Это так разочаровало ее, что она не обратила внимание на слова, сказанные ей вслед. «Это только предположение, конечно. Но есть вероятность того, что если  это будет очень, очень нужно, то он может вернуться». Технарь смущался, особенно от того, что золотистая девушка совершенно потеряла интерес к его словам. Потому и произнес их почти шепотом. А Мари не услышала.
Она по-прежнему, правда все реже, подходила к зеркалу. Чаще всего, при появлении нового создания (не Джошуа), сразу говорила – «Исчезни» и уходила.
Как-то она заглянула в кафе. Пока еще существовали эти заведения, где люди могли увидеть друг друга. Увидеть –да, но не общаться, как было задумано при возрождении этой формы  развлечения. Люди здесь заказывали более экзотичные, чем обычно, напитки и еду. Слушали музыку (каждый свою), даже танцевали (каждый в своем энергетическом коконе). Мари привлекали туда воспоминания. Там она когда-то была с Джошуа.
Она села за столик, положила на него колючую веточку, словно творила магический ритуал, способный если не восстановить, то хотя бы заменить присутствие Джошуа. Машинально сделала заказ и так же машинально начала есть, без определенного интереса разглядывая движущиеся в индивидуальном танце силуэты.

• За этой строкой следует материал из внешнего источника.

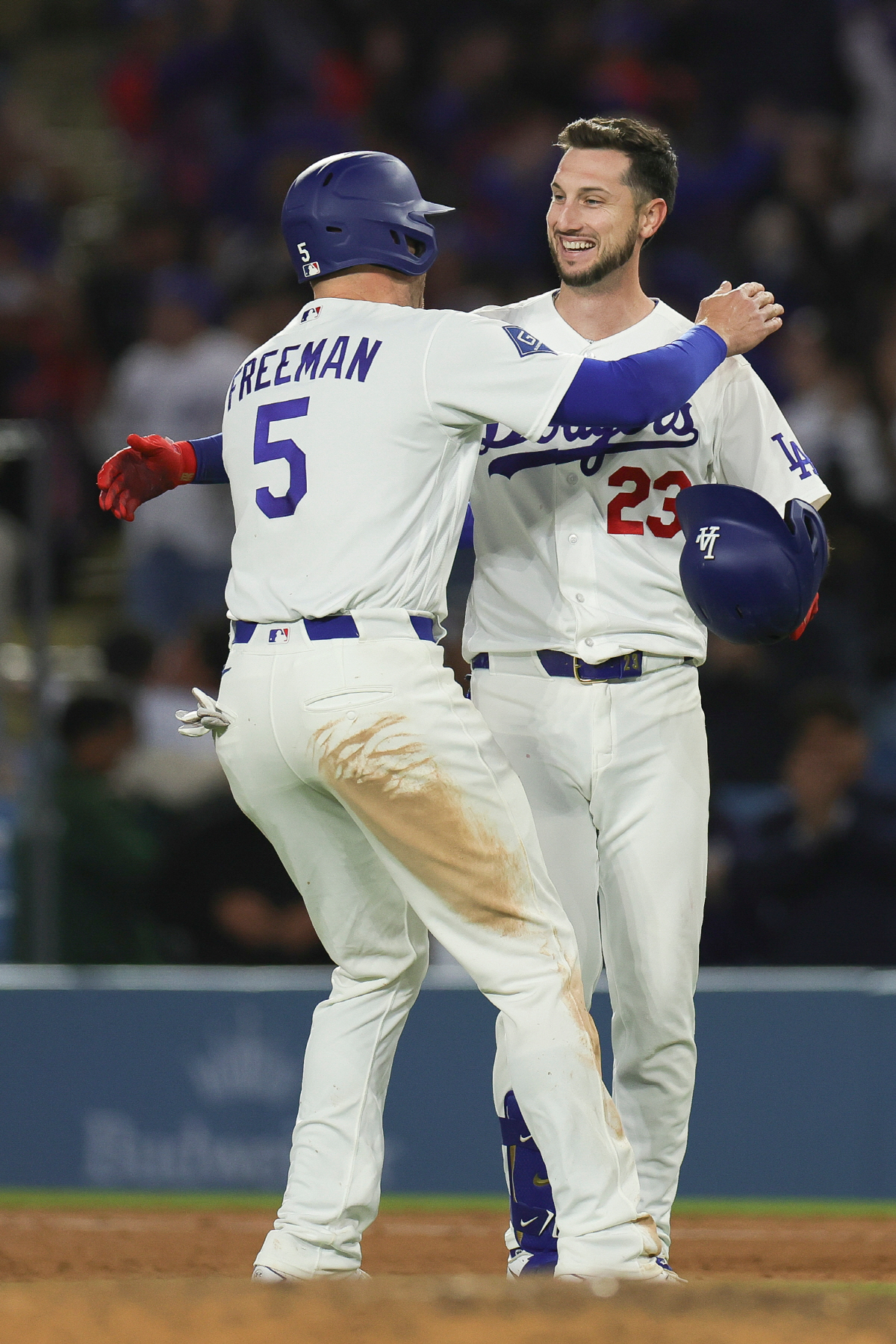 정상급 마무리 피트 페어뱅크스가 등판한 가운데 다저스는 선두 앤디 파헤스가 풀카운트에서 7구째 볼넷을 골라 찬스를 마련했다. 이어 대타 돌튼 러싱마저 풀카운트에서 볼넷을 얻어 무사 1,2루. 미구엘 로하스가 번트에 실패해 아웃카운트가 하나 늘었으나, 1번타자 오타니 쇼헤이가 2루타를 날려 파헤스를 홈으로 불러들였다.

 «Извини, мне казалось я отошел ненадолго» – посторонний голос вывел Мари из забытья. Как всегда, при чуть более, чем необходимо близкой встрече с другим человеком, Мари внутренне сжалась. Она даже не подняла глаза, чтобы взглянуть на незнакомца.
« Если не хочется  меня видеть, я не буду больше беспокоить беспокоить, только заберу …». Мари еще плотнее закуталась в свою отчужденность, чтобы случайная встреча не разрушила ее воспоминания. Незнакомец присел на стул у противоположного края стола, что-то начертил на запотевшем стекле.
«Прощай» – в голосе незнакомца (иди Мари это показалось?) была грусть. Нет. Просто соседство это еще куда не шло, но еще и разговор и эмоции… Мари резко встала и направилась к выходу. На пороге она остановилась. Веточка. Мари сделала несколько шагов к столу, но увидела, что незнакомец исчез. На ровной глади стола тоже ничего не было. Все лишнее убирается моментально. Мари сделала движение, словно собиралась подойти к столу и поискать оставленную веточку, но остановилась.
«Может быть, это и к лучшему. Может лучше, что уже ничего не будет напоминать о нем, кроме проблесков памяти, да и они скоро уйдут». Мари остановилась, а потом решительно вышла из кафе. Она не подошла к столику. Там действительно больше не было колючей веточки. Она не подошла к столику и не увидела, как, исчезая, плакали буквы, написанные незнакомцем на запотевшем стекле         «ДЖОШУА». Плакали, стекая капельками, пока не исчезли совсем.
И снова все было ровно и спокойно в прекрасном мире.